For centuries, farmers in Africa have skillfully operated their own informal seed systems. They save seeds from one year’s crop for planting in the next and share seeds through community networks. Many have worked like plant breeders in research laboratories, combining different varieties to obtain desirable traits and collaborating with other farmers to expand their knowledge.
Despite this impressive ingenuity, the performance of local varieties of maize, cassava, millet, and other African food staples now lags far behind the rest of the world. Harvests per hectare for major crops like maize can be as much as 80 percent below their potential. More importantly, this yield gap is a key reason farmers in Africa are not producing enough food to sustain the continent’s rapidly growing population.
The desire to give African farmers a wider range of seed choices—including access to seed of highly productive crop varieties known as hybrids, which have revolutionized food production elsewhere in the world—eventually led to the creation of the Program for Africa’s Seed Systems, or PASS.
Today, PASS is an integral part of the Alliance for a Green Revolution in Africa (AGRA).
AGRA was launched by the Rockefeller Foundation and the Bill & Melinda Gates Foundation in 2006. Its goal is to develop practical ways to improve production and income for the millions of smallholder farmers, who form the core of Africa’s dynamic but neglected agricultural sector. And a key priority for AGRA is to upgrade Africa’s seed systems.
In many ways, the work of PASS is just beginning to bear fruit in fields across the continent. Many obstacles remain to providing Africa’s smallholder farmers with the seed they need and deserve. But the program is making substantial progress.
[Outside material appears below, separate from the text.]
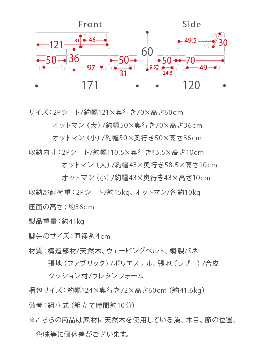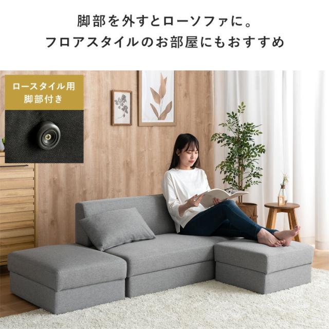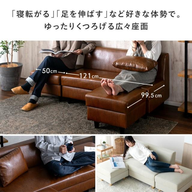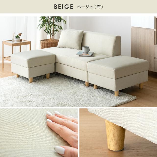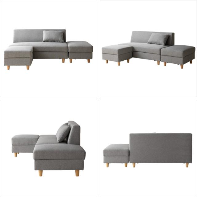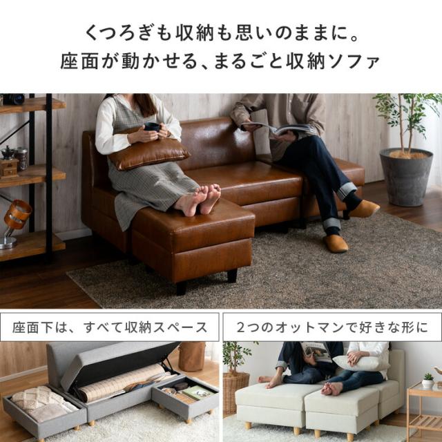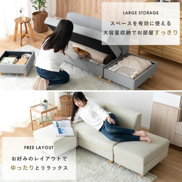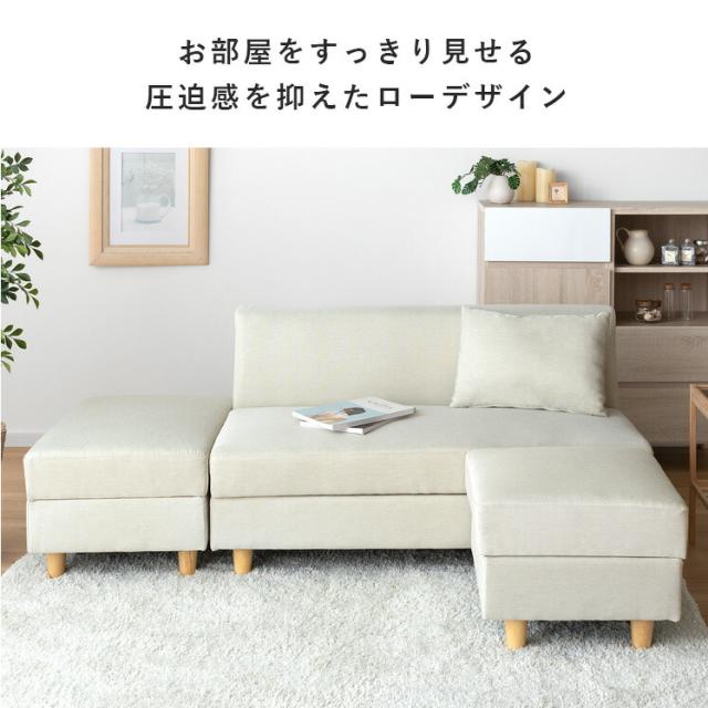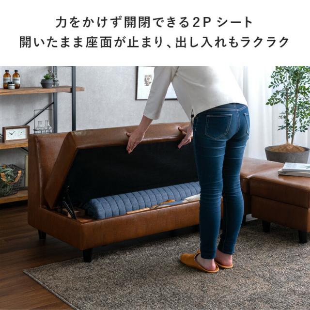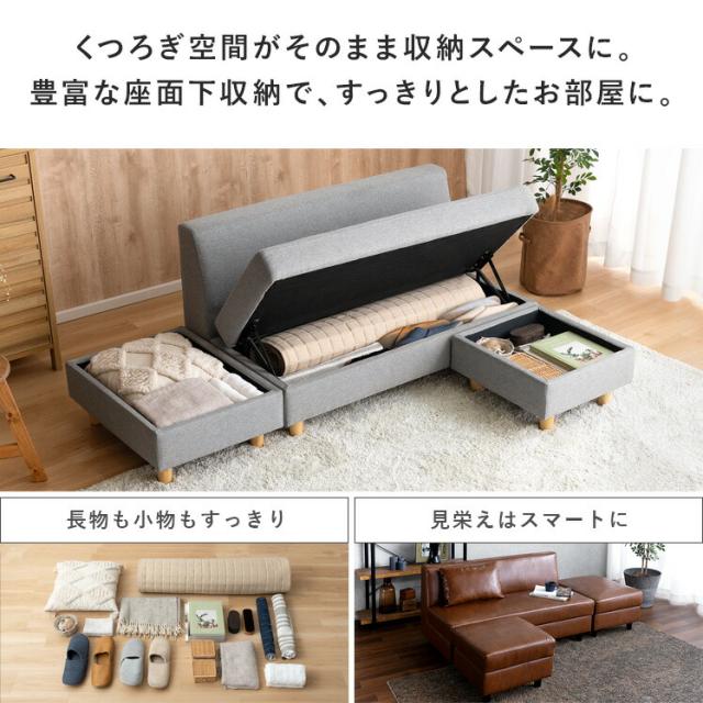 ソファー 2人掛け 収納付き カウチソファ オットマン 北欧

If the production from all 80 PASS-supported seed companies is added up, it constitutes the biggest seed producer working in sub-Saharan Africa today. From a mere 2,346 metric tons in 2007, annual production from PASS producers had risen, by 2014, to 80,606 metric tons of professionally certified seeds. Moreover, the companies are focusing on crop varieties endowed with traits carefully selected by local crop breeders for their compatibility with specific African agricultural environments— of which there are many.
The companies also are working with a wide range of crop types. They include improved, locally adapted varieties of maize, cassava, millet, rice, sorghum, beans, sweet potato, cowpea, groundnut, soybean, pigeon pea, sweet potato, banana, durum wheat, and bread wheat.